Given data section start
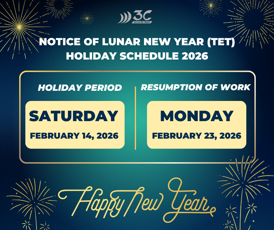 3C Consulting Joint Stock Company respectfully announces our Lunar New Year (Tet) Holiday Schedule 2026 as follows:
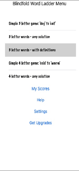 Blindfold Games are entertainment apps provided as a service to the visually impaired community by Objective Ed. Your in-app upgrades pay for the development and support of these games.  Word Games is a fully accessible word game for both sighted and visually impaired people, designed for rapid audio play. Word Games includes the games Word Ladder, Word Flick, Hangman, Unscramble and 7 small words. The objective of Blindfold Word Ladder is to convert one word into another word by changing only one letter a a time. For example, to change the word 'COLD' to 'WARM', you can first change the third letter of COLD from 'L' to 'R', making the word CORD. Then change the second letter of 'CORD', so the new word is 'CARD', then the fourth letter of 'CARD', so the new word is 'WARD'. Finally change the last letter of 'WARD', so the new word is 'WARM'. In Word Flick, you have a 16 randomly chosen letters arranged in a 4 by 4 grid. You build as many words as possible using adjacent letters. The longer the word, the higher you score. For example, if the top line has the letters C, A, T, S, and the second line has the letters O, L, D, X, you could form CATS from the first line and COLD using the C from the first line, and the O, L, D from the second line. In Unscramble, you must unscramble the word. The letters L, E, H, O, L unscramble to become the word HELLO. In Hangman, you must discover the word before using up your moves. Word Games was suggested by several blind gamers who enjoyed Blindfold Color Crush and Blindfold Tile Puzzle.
Given data section end
Given data section start
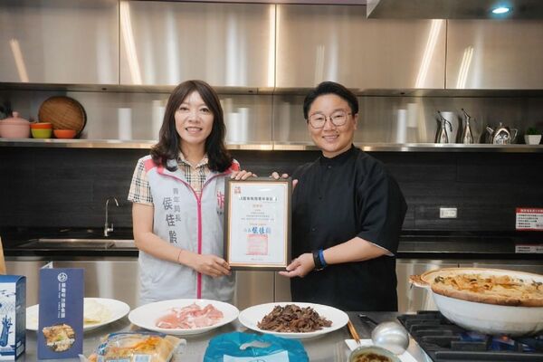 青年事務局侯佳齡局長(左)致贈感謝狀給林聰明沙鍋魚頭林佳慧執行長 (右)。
Given data section end
Given data section start
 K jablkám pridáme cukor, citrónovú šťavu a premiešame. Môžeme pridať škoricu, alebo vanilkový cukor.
Given data section end
● **Problem details**:
For this exercise, please set down exactly the lines of the listing above from the line with "3C Consulting Joint" up to and including the line with "Blindfold Games are", and no pictures.

● **Written answer**:
 3C Consulting Joint Stock Company respectfully announces our Lunar New Year (Tet) Holiday Schedule 2026 as follows:
 Blindfold Games are entertainment apps provided as a service to the visually impaired community by Objective Ed. Your in-app upgrades pay for the development and support of these games.  Word Games is a fully accessible word game for both sighted and visually impaired people, designed for rapid audio play. Word Games includes the games Word Ladder, Word Flick, Hangman, Unscramble and 7 small words. The objective of Blindfold Word Ladder is to convert one word into another word by changing only one letter a a time. For example, to change the word 'COLD' to 'WARM', you can first change the third letter of COLD from 'L' to 'R', making the word CORD. Then change the second letter of 'CORD', so the new word is 'CARD', then the fourth letter of 'CARD', so the new word is 'WARD'. Finally change the last letter of 'WARD', so the new word is 'WARM'. In Word Flick, you have a 16 randomly chosen letters arranged in a 4 by 4 grid. You build as many words as possible using adjacent letters. The longer the word, the higher you score. For example, if the top line has the letters C, A, T, S, and the second line has the letters O, L, D, X, you could form CATS from the first line and COLD using the C from the first line, and the O, L, D from the second line. In Unscramble, you must unscramble the word. The letters L, E, H, O, L unscramble to become the word HELLO. In Hangman, you must discover the word before using up your moves. Word Games was suggested by several blind gamers who enjoyed Blindfold Color Crush and Blindfold Tile Puzzle.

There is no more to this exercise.